After Katrina devastated New Orleans, journalists and media people came from all over the world to be able to inform the world of Katrina's savage hit on New Orleans and other areas along the Gulf Coast region. One media team from the Netherlands captured four people in two separate photos. One picture depicted a European American couple carrying plastic bags while wading hip deep in water. The caption read: 'Victims of Katrina find ways to survive' (my paraphrase). Another photo showed an African American man and woman, also wading through the water with plastic bags carried above their heads. Here, the caption read, 'Widespread looting in Katrina's aftermath' (again my paraphrase).
These two photos show the kinds of stereotypes and inaccurate information often used by the Media. What's of concern is the immense swath of countries that Media sources impact, along with the repetitive images and the immediacy of information delivered through print, internet, radio, TV, word of mouth, etc. The unconscious meanings of image are found in many layers, and the Media has played a role where it has made race the central issue in the culture's psycho-social matrix. Not only this fact, but the inaccurate information perpetuates fear, separation, and social regression in the culture.
If you are concerned about the need for Media accountability, be an active observer and critical thinker about the Media stories you see or hear, then use your voice to protest the maladaptive media stories to the owners and corporations of Media companies; you can also look at your community, and if several groups or organizations have similar concerns about the Media's inaccuracies, why not try to collaborate with them; there may be enough interest that a local movement may start, and then you can link up with a nation-wide or international movement.
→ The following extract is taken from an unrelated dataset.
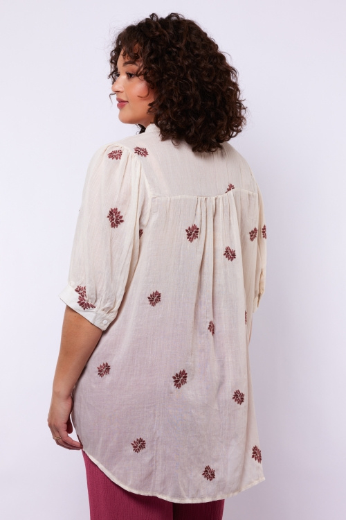 Exxellent '' Khloe'' blouse Creme met roze bloemen print
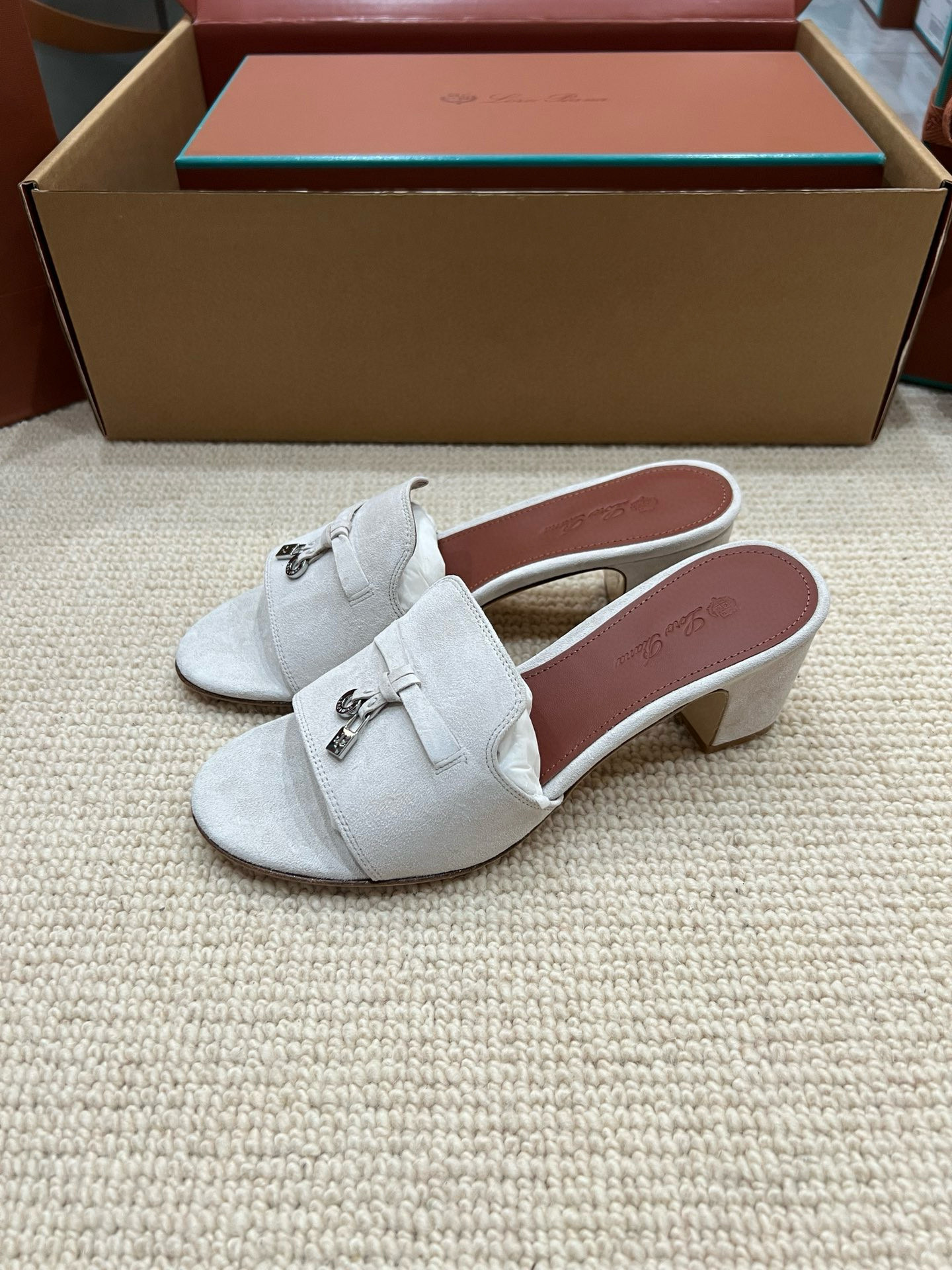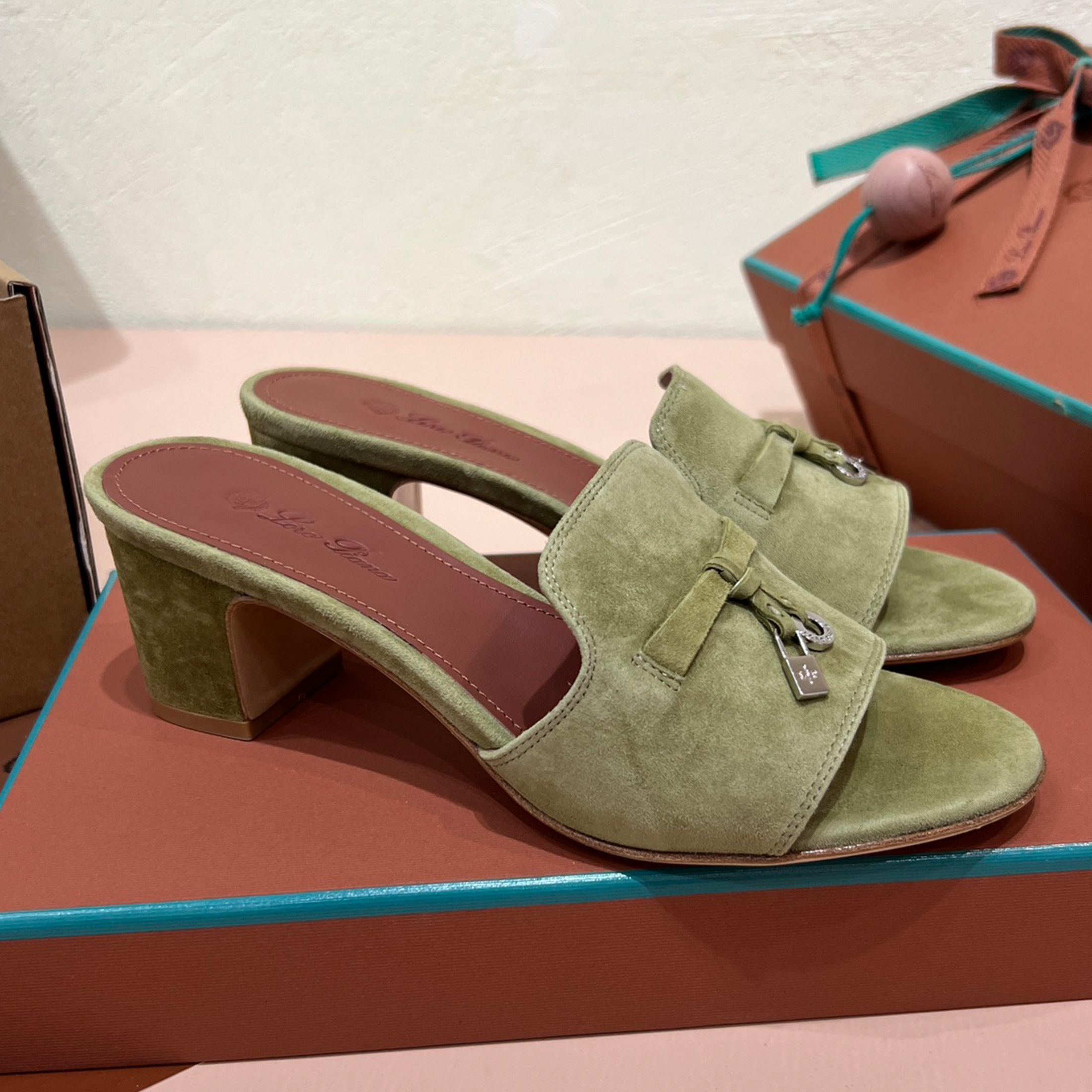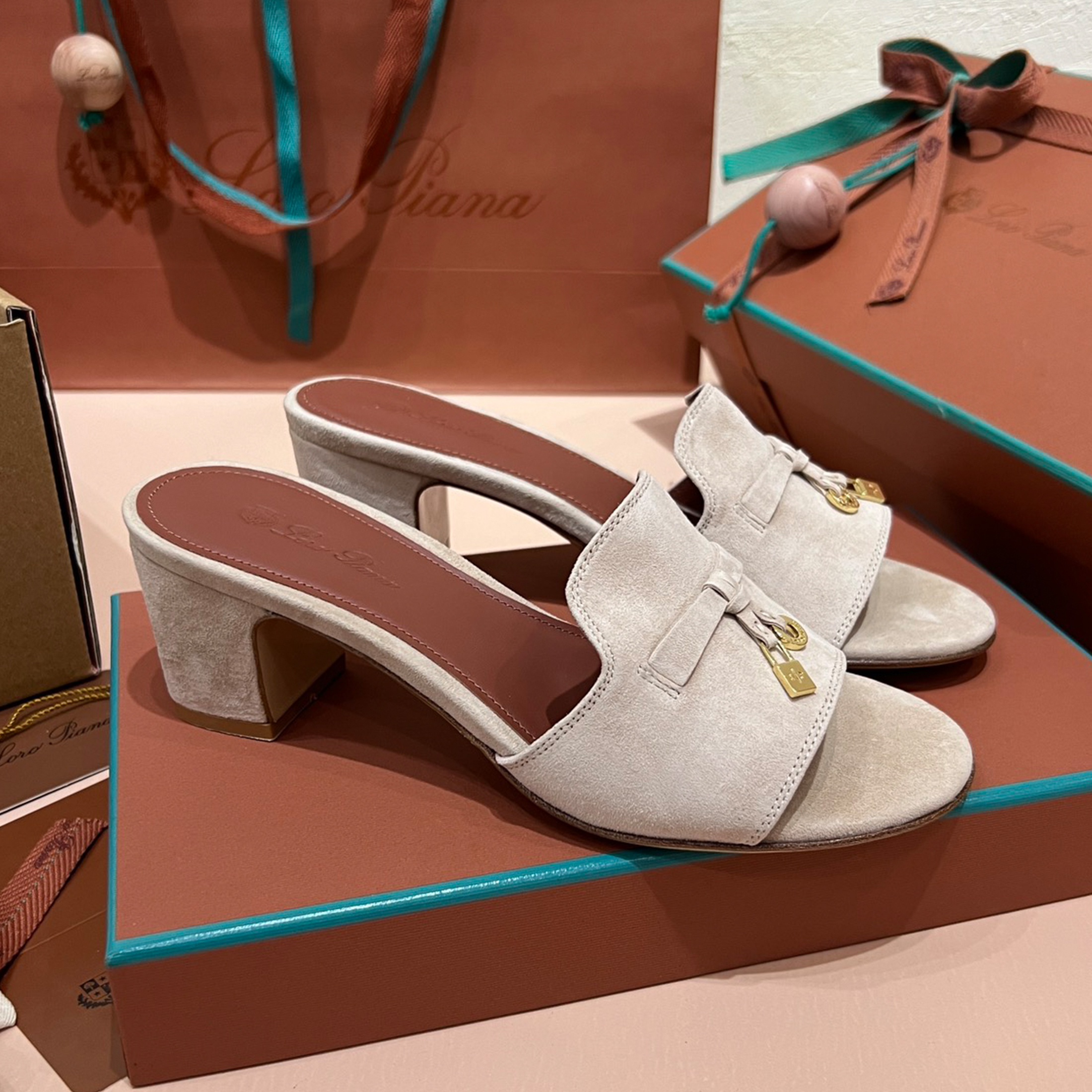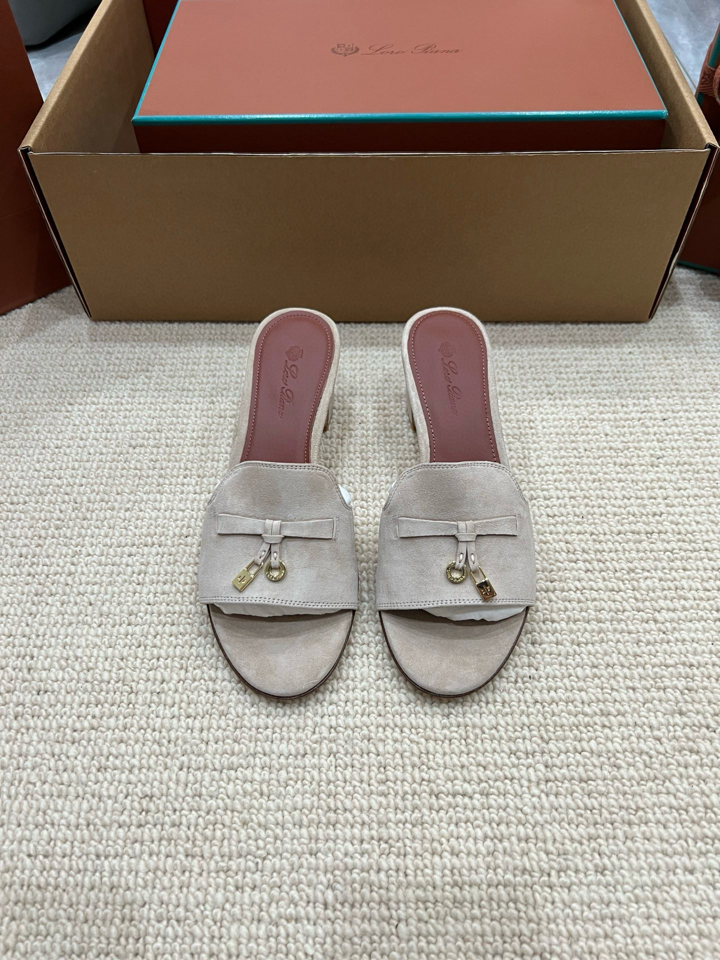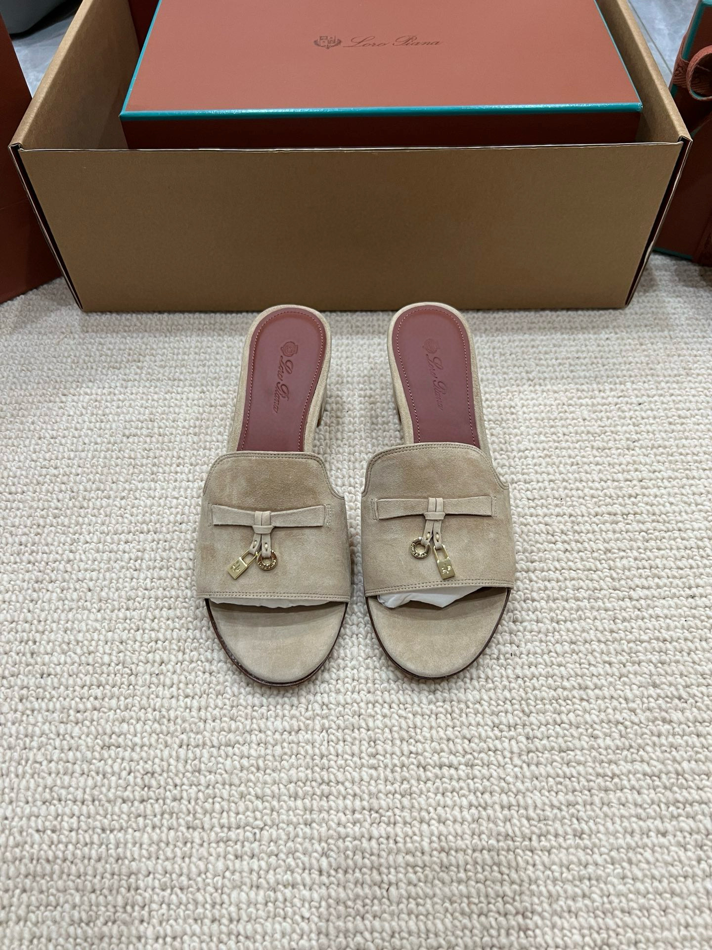 NIGO Loro Piana Summer Charms Women's Mid Heel Sandals Sheepskin Temperament Solid Color Slippers Vacation Style Luxury Comfort Women's Shoes #nigo81118

We do possess the empowerment to consciously and intentionally change one of the most powerful sub-sets of our nation's superordinate system composed of psycho-economic-social-healthcare-educational-religious elements. We need to relentlessly immunize the power of false-to-facts Media stories, and we can make incremental changes; those incremental changes then effect and trigger other changes. Image Distortion Disorder, if applied to individuals, need never be a social disease that can never be transformed, reformed or corrected. What is needed is congruency between what is reported, how it's reported, the images used, and factual analysis.